- WHAT YOU HAVE TO DO:
Here is the task for the records below: repeat exactly the lines from the one with "You can print" to the one with "- Double-Sided Design: Enjoy", both included, and nothing else.

- DATA SHOWN:
⟨
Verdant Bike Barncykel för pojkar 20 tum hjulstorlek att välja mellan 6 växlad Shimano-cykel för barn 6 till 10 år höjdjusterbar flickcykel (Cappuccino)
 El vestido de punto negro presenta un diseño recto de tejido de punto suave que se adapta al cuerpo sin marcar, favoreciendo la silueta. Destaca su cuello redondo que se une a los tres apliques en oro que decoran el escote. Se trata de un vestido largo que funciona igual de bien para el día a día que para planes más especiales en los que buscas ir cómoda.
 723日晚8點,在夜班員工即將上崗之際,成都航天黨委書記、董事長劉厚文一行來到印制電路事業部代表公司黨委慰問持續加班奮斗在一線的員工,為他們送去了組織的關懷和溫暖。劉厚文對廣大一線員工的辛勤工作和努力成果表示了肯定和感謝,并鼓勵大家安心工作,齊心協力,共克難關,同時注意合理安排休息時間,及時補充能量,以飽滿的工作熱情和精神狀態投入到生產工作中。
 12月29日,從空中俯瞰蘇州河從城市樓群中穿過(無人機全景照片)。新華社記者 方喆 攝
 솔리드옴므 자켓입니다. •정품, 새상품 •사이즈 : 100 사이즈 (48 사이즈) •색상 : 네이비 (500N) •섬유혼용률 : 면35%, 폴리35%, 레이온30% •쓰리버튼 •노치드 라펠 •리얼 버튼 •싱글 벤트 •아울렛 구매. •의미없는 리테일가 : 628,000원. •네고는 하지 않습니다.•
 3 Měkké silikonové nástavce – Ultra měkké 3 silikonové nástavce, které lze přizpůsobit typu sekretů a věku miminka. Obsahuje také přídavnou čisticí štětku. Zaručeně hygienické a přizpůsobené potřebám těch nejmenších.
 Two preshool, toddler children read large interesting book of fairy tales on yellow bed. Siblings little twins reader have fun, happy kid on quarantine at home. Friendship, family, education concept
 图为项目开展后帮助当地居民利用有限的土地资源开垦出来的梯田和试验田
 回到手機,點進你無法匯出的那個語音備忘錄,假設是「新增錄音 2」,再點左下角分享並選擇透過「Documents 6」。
⟩
⟨
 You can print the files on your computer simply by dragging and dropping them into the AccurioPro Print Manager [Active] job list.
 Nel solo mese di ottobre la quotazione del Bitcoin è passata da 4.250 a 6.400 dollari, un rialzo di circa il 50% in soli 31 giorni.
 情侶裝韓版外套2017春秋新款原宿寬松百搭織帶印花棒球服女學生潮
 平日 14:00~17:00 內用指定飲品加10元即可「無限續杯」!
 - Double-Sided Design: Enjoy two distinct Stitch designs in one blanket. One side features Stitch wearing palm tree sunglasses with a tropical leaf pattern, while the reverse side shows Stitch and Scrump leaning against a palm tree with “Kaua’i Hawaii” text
⟩
⟨
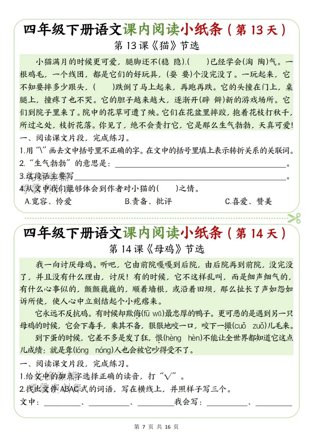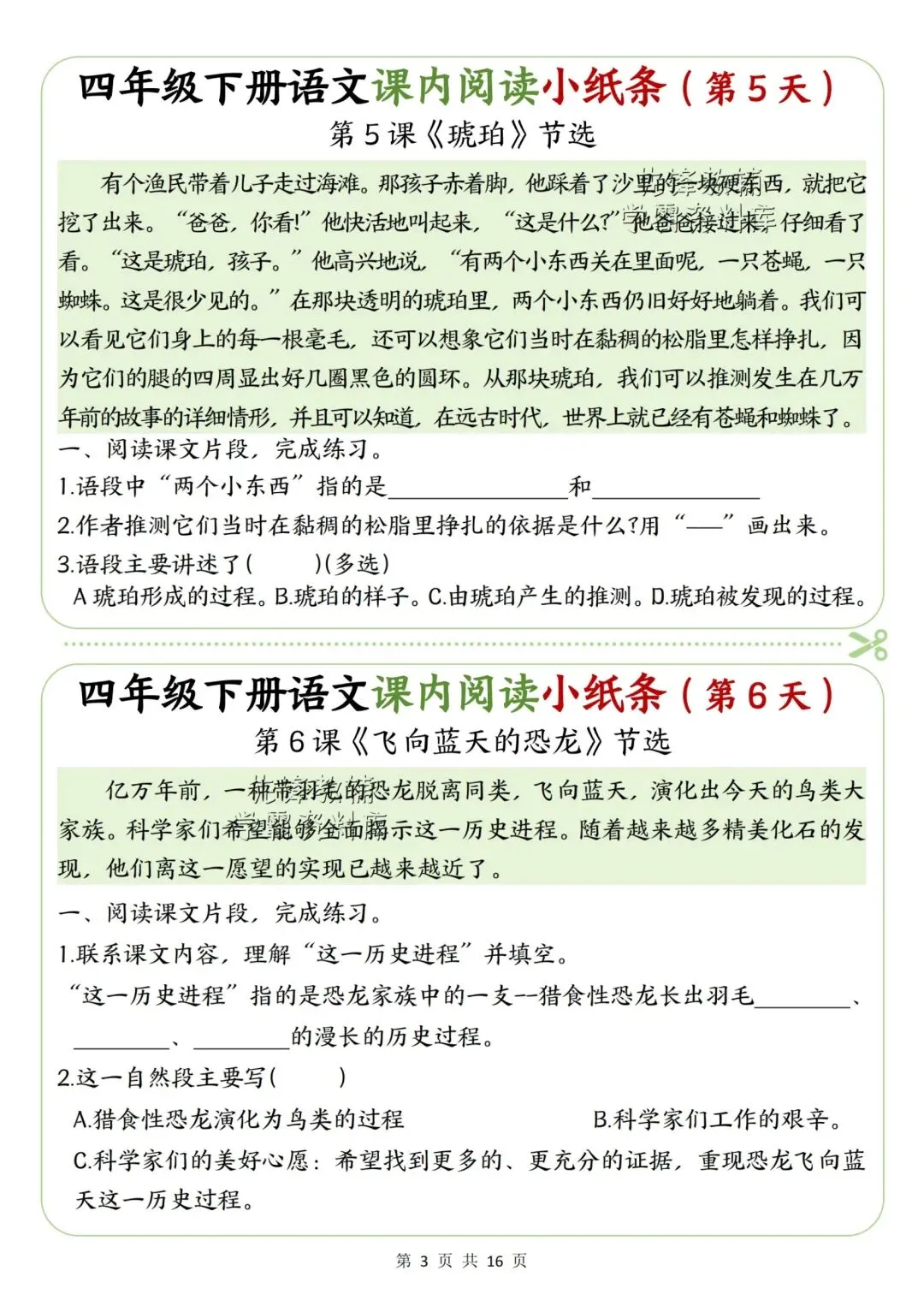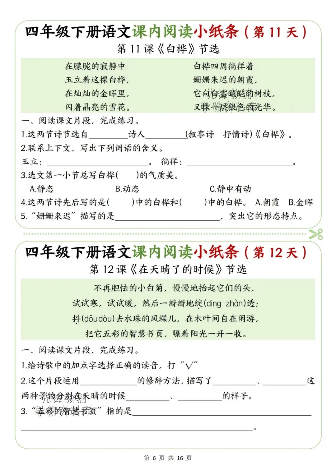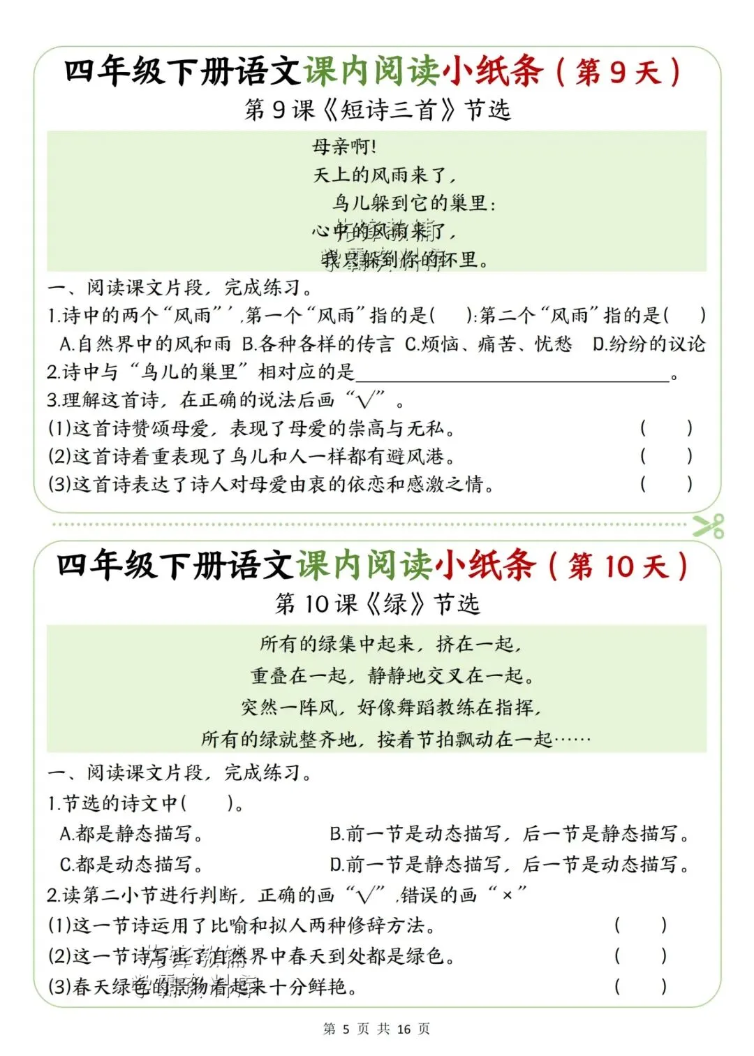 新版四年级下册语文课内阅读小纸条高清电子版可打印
⟩
- ANSWER SPACE:
 You can print the files on your computer simply by dragging and dropping them into the AccurioPro Print Manager [Active] job list.
 Nel solo mese di ottobre la quotazione del Bitcoin è passata da 4.250 a 6.400 dollari, un rialzo di circa il 50% in soli 31 giorni.
 情侶裝韓版外套2017春秋新款原宿寬松百搭織帶印花棒球服女學生潮
 平日 14:00~17:00 內用指定飲品加10元即可「無限續杯」!
 - Double-Sided Design: Enjoy two distinct Stitch designs in one blanket. One side features Stitch wearing palm tree sunglasses with a tropical leaf pattern, while the reverse side shows Stitch and Scrump leaning against a palm tree with “Kaua’i Hawaii” text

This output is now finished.